The contribution of concomitant drug therapy to the effectiveness of therapeutic angiogenesis interventions has not been thoroughly examined. Anecdotal reports indicate that a number of common medications, including captopril, isosorbide dinitrate, lovastatin and furosemide, might potentially interfere with angiogenesis
54. Even aspirin and other non-steroidal anti-inflammatory drugs, which are frequently used over-the-counter medications, might have anti-angiogenic effects
57. Equally important could be the anti-angiogenic effects of inhibitors of cyclooxygenase-2 (58).
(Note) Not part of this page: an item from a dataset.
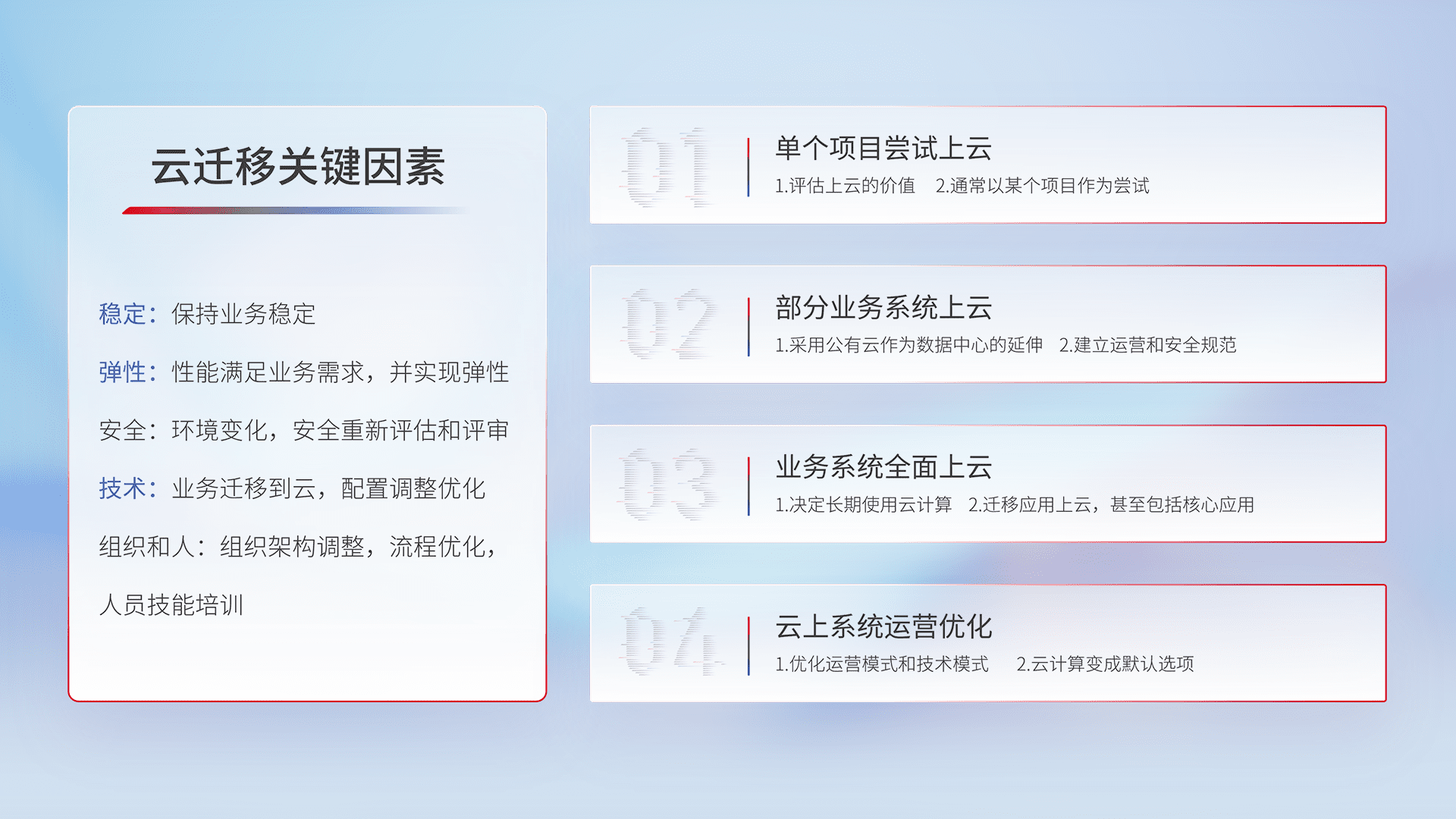 结合实际业务,,从规划设计、、、云平台选型、、云原生改造、、、数据迁移、、、、集成交付,,迁移全过程为客户识别最佳上云路径,,,做好风险识别管理,,设计网络架构、、身份权限、、、安全审计合规、、、、操作审计、、、日志审计、、、监控告警策略、、、、多站点容灾设计等,,,对云上基础设施进行整体规划,,,,提升IT治理水平,,以满足弹性、、、、高可用、、、、高性能的需求。。。。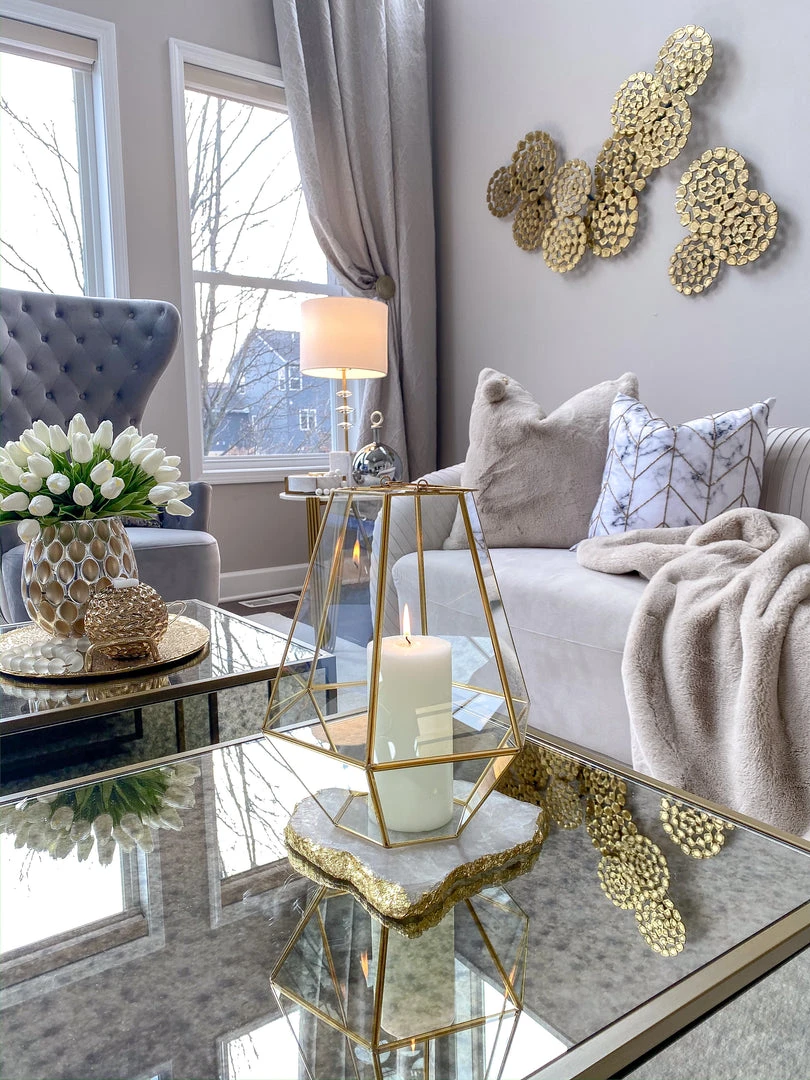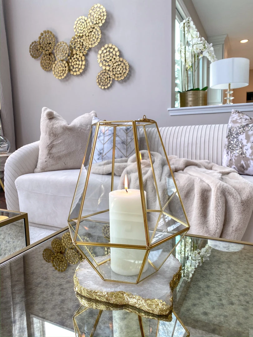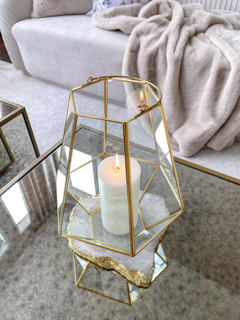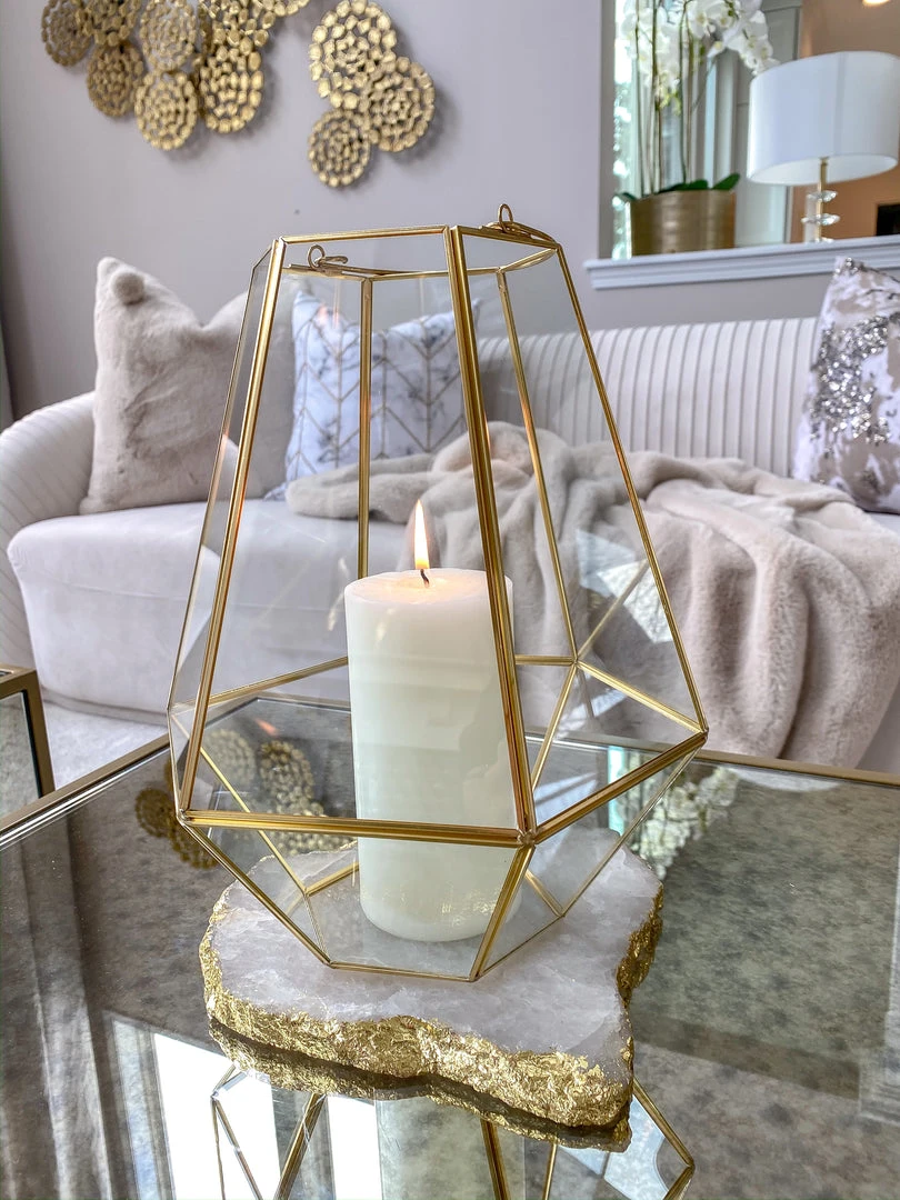 Description: This gold metal and glass lantern features gold metal and is perfect to hold your favorite candle, either real or electric! You could also use this as a vase for your faux florals.

Careful accounting of concomitant medication usage is therefore required for trials of therapeutic angiogenesis.
Summary
The field of therapeutic stimulation of new vessel formation has matured and evolved during the past decade. In the absence of any clear success stories, all suggestions as to what is likely to work in this new class of drugs must be offered tentatively. Indeed, the successful development of a drug capable of revascularization of tissues would be a major milestone in the history of medicine. Despite these challenges, the incentive offered by the large unmet clinical need and the progress in our understanding of angiogenesis biology lead us to believe that successful agents will emerge and will open truly revolutionary possibilities for cardiovascular therapeutics.